━━━━━ DATA BELOW ━━━━━

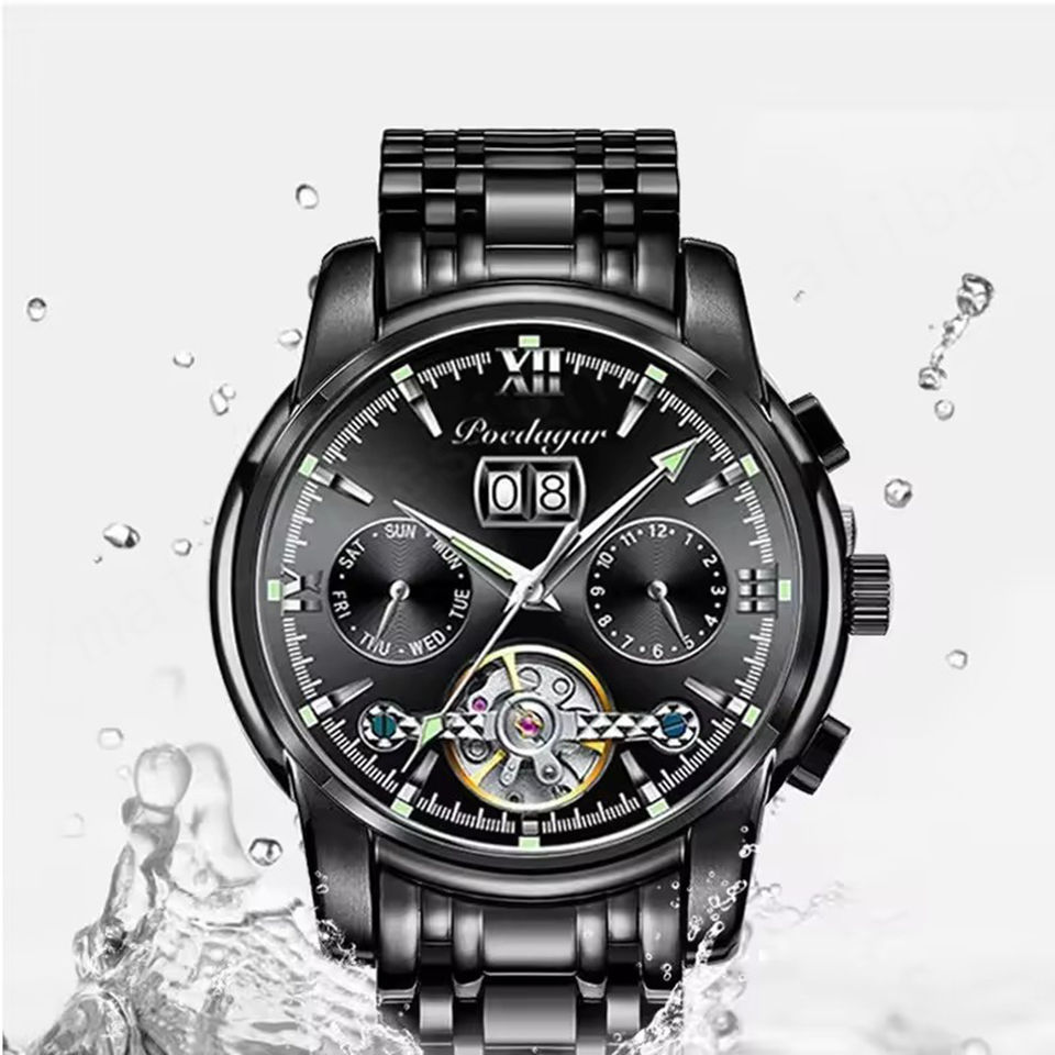 นาฬิกาข้อมือผู้ชายแฟชั่นธุรกิจ รุ่น 8051 ขายดี กันน้ำ ระบบอัตโนมัติ กลไกจักรกล หน้าปัดกระจก พร้อมฟังก์ชั่นโครโนกราฟ สายสแตนเลส
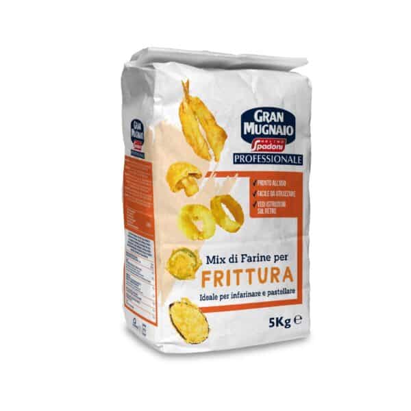 La miscela professionale per frittura assolve a un compito tanto fondamentale quanto difficile, spesso vero ostacolo per la riuscita di un ottimo fritto: l’aderenza perfetta della crosticina all’alimento. Questo particolare mix, a base di farina di grano tenero tipo “00”, fecola di patate, amido di mais e sale, è appositamente studiato per formare una copertura omogenea, leggera e croccante che è parte integrante del piatto, cui dona texture e sapore per una frittura perfetta. È un prodotto adatto a infarinare e pastellare, pesce, carne ma anche verdura e frutta e permettere ai clienti di gustare bocconi croccanti senza lo spiacevole inconveniente di vedere la crosticina esterna staccata dal resto dell’alimento.
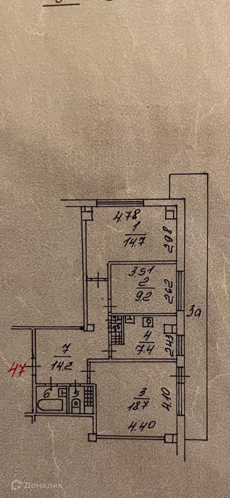 Жилая площадь 42.6 м2

━━━━━

TO DO:
Leave out the pictures and set down all of the data exactly.

WORKED SOLUTION:
 นาฬิกาข้อมือผู้ชายแฟชั่นธุรกิจ รุ่น 8051 ขายดี กันน้ำ ระบบอัตโนมัติ กลไกจักรกล หน้าปัดกระจก พร้อมฟังก์ชั่นโครโนกราฟ สายสแตนเลส
 La miscela professionale per frittura assolve a un compito tanto fondamentale quanto difficile, spesso vero ostacolo per la riuscita di un ottimo fritto: l’aderenza perfetta della crosticina all’alimento. Questo particolare mix, a base di farina di grano tenero tipo “00”, fecola di patate, amido di mais e sale, è appositamente studiato per formare una copertura omogenea, leggera e croccante che è parte integrante del piatto, cui dona texture e sapore per una frittura perfetta. È un prodotto adatto a infarinare e pastellare, pesce, carne ma anche verdura e frutta e permettere ai clienti di gustare bocconi croccanti senza lo spiacevole inconveniente di vedere la crosticina esterna staccata dal resto dell’alimento.
 Жилая площадь 42.6 м2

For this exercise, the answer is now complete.